Из обстоятельств, могущих существенно влиять на сроки от смерти до момента взятия крови, следует указать прежде всего на температуру, в которой за это время хранится труп. Естественно думать, что при прочих равных условиях процессы распада белков будут совершаться медленнее при пониженной температуре. Поэтому нам всегда казалось, что выгоднее всего хранить трупы при температуре немного выше нуля. Можно также предполагать, что и для живых форменных элементов крови такая температура создаст условия, близкие к состоянию анабиоза. Что такие пониженные температуры не вредят жизнеспособности эритроцитов, мы убедились, сохраняя выпущенную кровь в посуде при температуре от 1 до 3° по две неделя и даже дольше.
Напротив того, хранение трупа в жаркое летнее время без охлаждения, особенно на прямом солнечном свете должно резко сократить сроки
для возможного использования его крови. Многие вспомнят, что происходило в течение нескольких часов с трупами убитых на фронте и оставшихся неубранными на поле сражения в жаркие, солнечные июльские дни!

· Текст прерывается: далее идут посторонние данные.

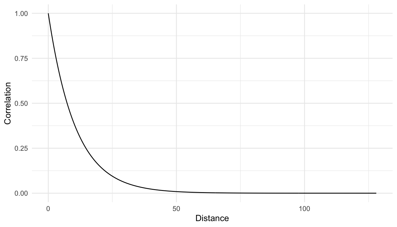 An example may help with an understanding of spatial correlation. A common spatial correlation function is the exponential function:
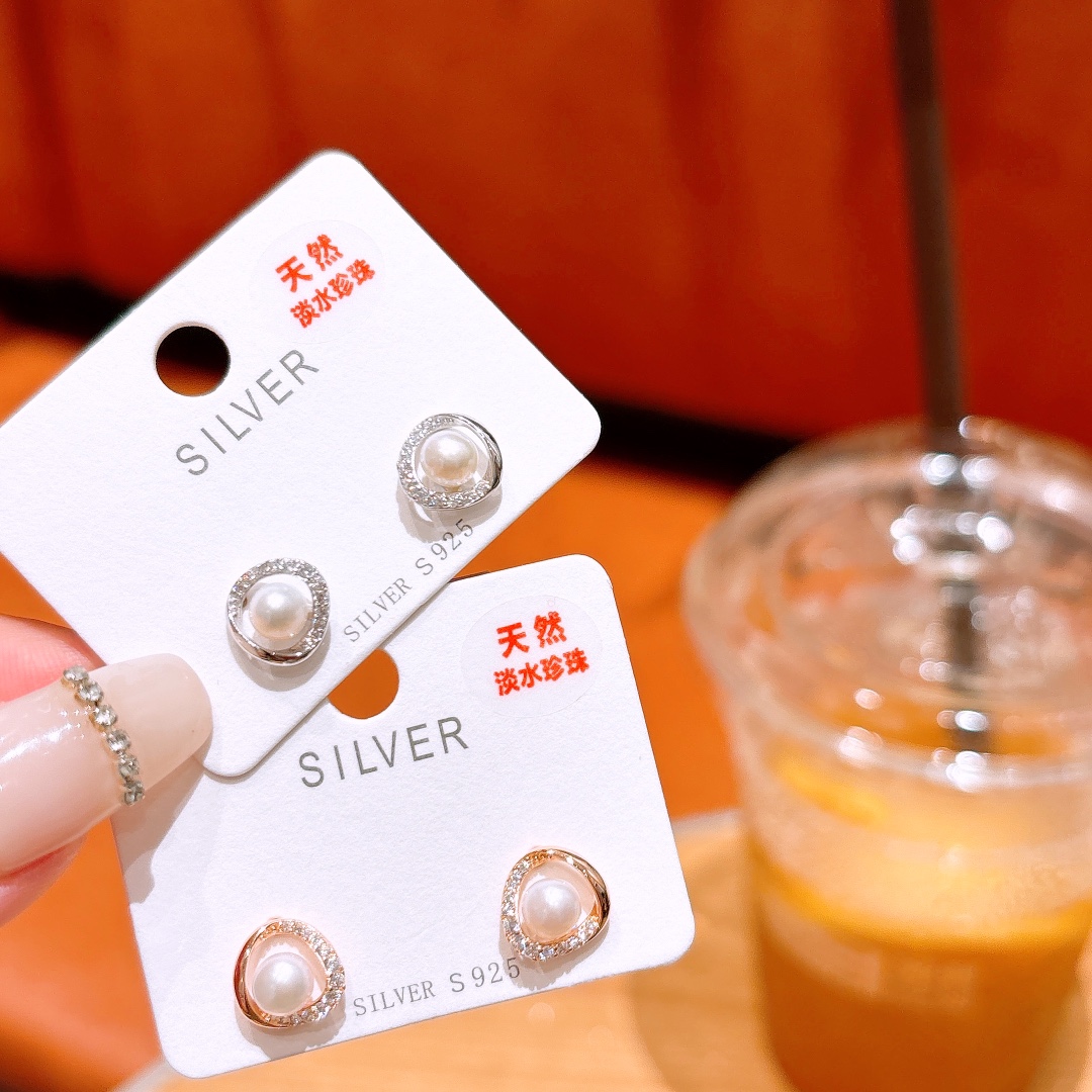 S925 Sterling Silver Freshwater Pearl Studs Romantic Mother's Birthday

Наконец те же температурные соображения имеют серьезное значение в смысле скорости проникновения инфекции из кишечника в брыжеечные вены. Опыты М. К. Костюкова показывают, что при комнатной температуре микробы впервые начинают появляться в крови брыжеечных сосудов через 20 часов после смерти. Трудно сомневаться, что в более благоприятной температуре инфицирование крови наступит раньше; равным образом весьма вероятно, что трупы, находящиеся в охлажденном состоянии, сохранят стерильность крови свыше суток.
Практически в наших условиях чаще всего приходится иметь дело •с трупами, доставляемыми в самые первые часы после смерти. У громадного большинства этих трупов кровь брали в сроки от 3 до 5 часов после смерти. Это именно те сроки, с которыми чаще придется иметь дело в условиях больничной работы. Помимо вышеизложенных соображений первостепенной важности, мы не хотели удлинять сроки хранения трупов еще и по мотивам чисто технического порядка: наступающее трупное -окоченение сильно затрудняет сами манипуляции с трупом до венесекции гг после нее.
Вполне правдоподобно, что и количество собираемой крови должно быть больше из трупа мягкого по сравнению с таковым в полном развитии окоченения. Действительно, в первом случае опорожняющиеся сосуды, залегающие во вполне еще мягких тканях и органах не будут встречаться с препятствием для спадения, и кровь свободно будет вытекать из мягкостенных сосудов. Иное дело, когда большая часть сосудов очутится фиксированной в окоченевших тканях. Легко допустить, что кровь будет вытекать хуже даже из нижерасположенных отделов сосудистой системы, поскольку опорожняющееся вышерасположенное русло не может спадаться.
Именно так и случалось у нас на практике, когда при вполне развившемся уже окоченении мы часто собирали крови меньше, чем это можно было бы ожидать. Надо, впрочем, оговориться, что изредка и из вполне окоченевших трупов мы неожиданно получали большие порции крови, но эти отдельные случаи не могут, как нам кажется, изменить ни всех вышеизложенных теоретических соображений, ни фактических данных.